In such cases, the employer will receipt for the payment referred to above, deduct the appropriate amount for federal income tax withholding and disburse the remaining amount to the employee, former employee or beneficiary as applicable. The employer will then remit the federal income tax withheld to the IRS or to the official depository as it presently is required to do. The employer will issue W-2 forms to the participants in the plan who have received payments of deferred income.

The W-2 will show the gross payment made to the participant or beneficiary and any deductions made.

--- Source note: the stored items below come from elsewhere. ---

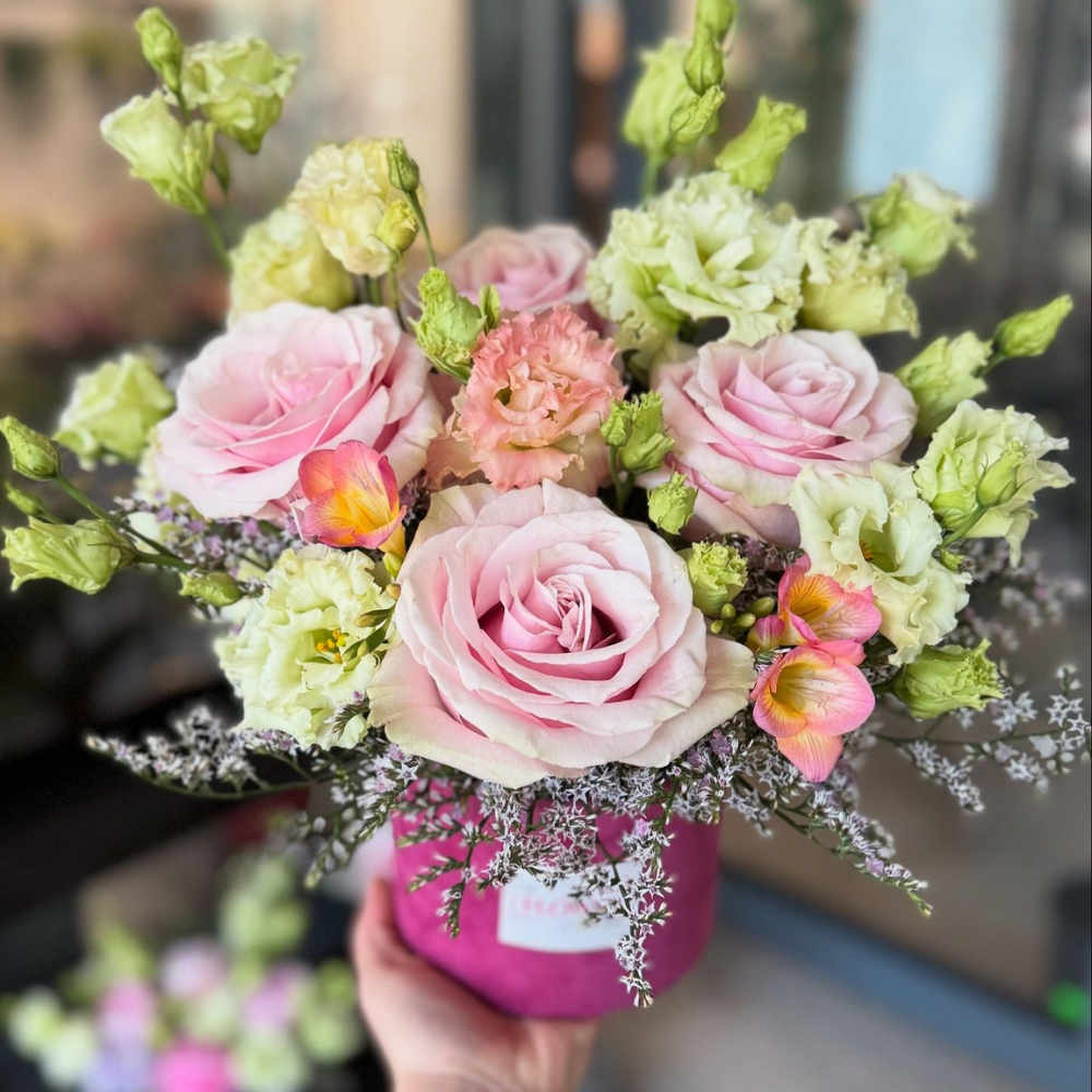 Compoziție florală: trandafiri, lisianthus, limonium, frezii. Aceasta poate varia în funcție de disponibilitate.
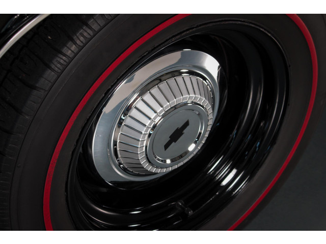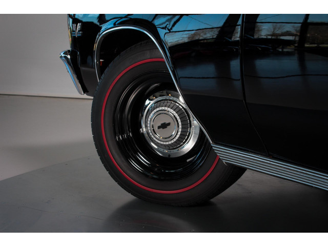 The body is laser-straight and finished in a deep, high-gloss black that looks miles deep under the lights. Accented with classic SS badging, chrome trim, and brand new Redline radial tires mounted on steel wheels with chrome dogdish hubcaps, this Chevelle perfectly captures the no-nonsense muscle car aesthetic.
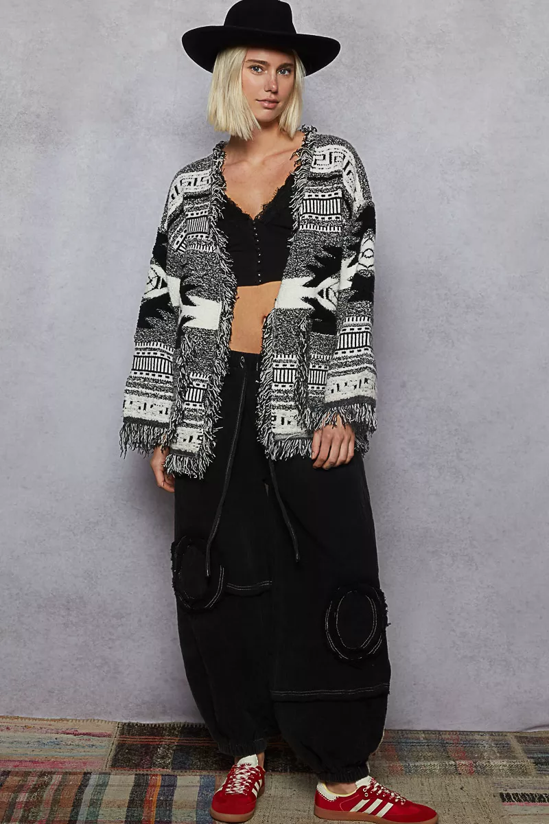 POL Open Front Geometric Print Cardigan with Fringe Detail
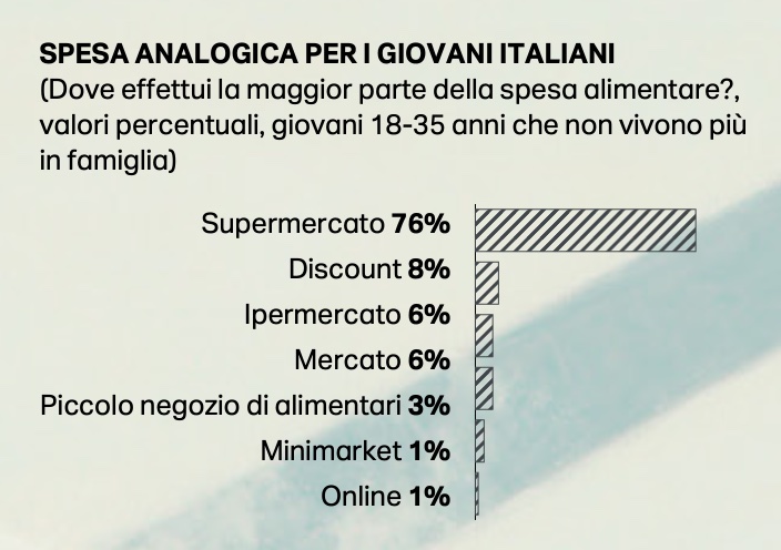 Anche i giovani preferiscono fare la spesa nei punti vendita fisici.
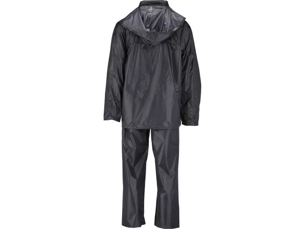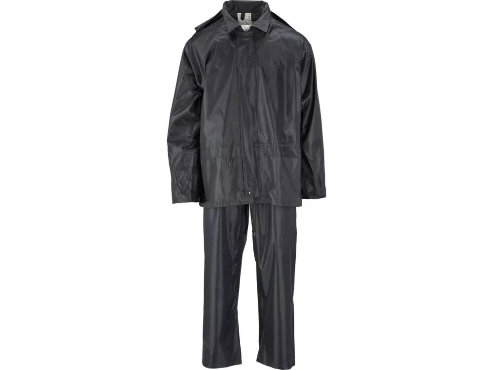 Kabát két nagy zsebbel, nadrág rugalmas derékpánttal. A PVC/poliészter keverék vízálló és légmentes anyag. A felesleges hő a háton lévő szellőzőnyílásokon és a hónalj alatti karimákon keresztül távozik az anyag alól.

However, the IRS has approved some plans whereby the administering company acts as agent for payments to the employees, issuance of W-2 forms and remittances to the IRS. Such IRS approved plans, which are still in conformance with the requirements of the Internal Revenue Code, will be permitted.

d. Maximum contribution

Local governments should refer to the Internal Revenue Service for allowable annual contribution limits.

e. Budget salaries and wages in year earned

All local governments required to budget revenues and expenditures by fund should be required to budget the gross salaries and wages including the deferred compensation amounts as expenditures of the year in which the salaries or wages are earned.

f. Establish plan as a pension (and other employee benefit) trust fund (if applicable)

All plans established in conformity with the Internal Revenue Code are expected to be held in a trust for the exclusive benefit of participants and their beneficiaries.

3.8.1.100 Reporting

Local governments do not own either the amounts deferred by employees or related income on those amounts. Accordingly, reporting will depend on whether the government is acting as the administrator for the plan. Administration involves managing the assets of the plan through a qualifying trust. In Washington State, this situation is expected to be rare for local governments. When your plan is administered by a third party administrator (example ICMA-RC), the government is not considered the plan administrator for financial statement reporting purposes. If the government contracts with a third party administrator, the government should make disclosures required for defined contribution pension plans and report contributions to the plan as payroll expense but would not report plan assets as a fiduciary fund. In the rare circumstance where a government acts as the administrator for the plan, governments should report their plans as pension (and/or other employee benefit) trust funds in their financial reports.

3.8.1.110 The local governments should keep detailed accounting records of the deferred compensation plan. However, if those records can be provided by the administrator of the plan, no duplication is necessary.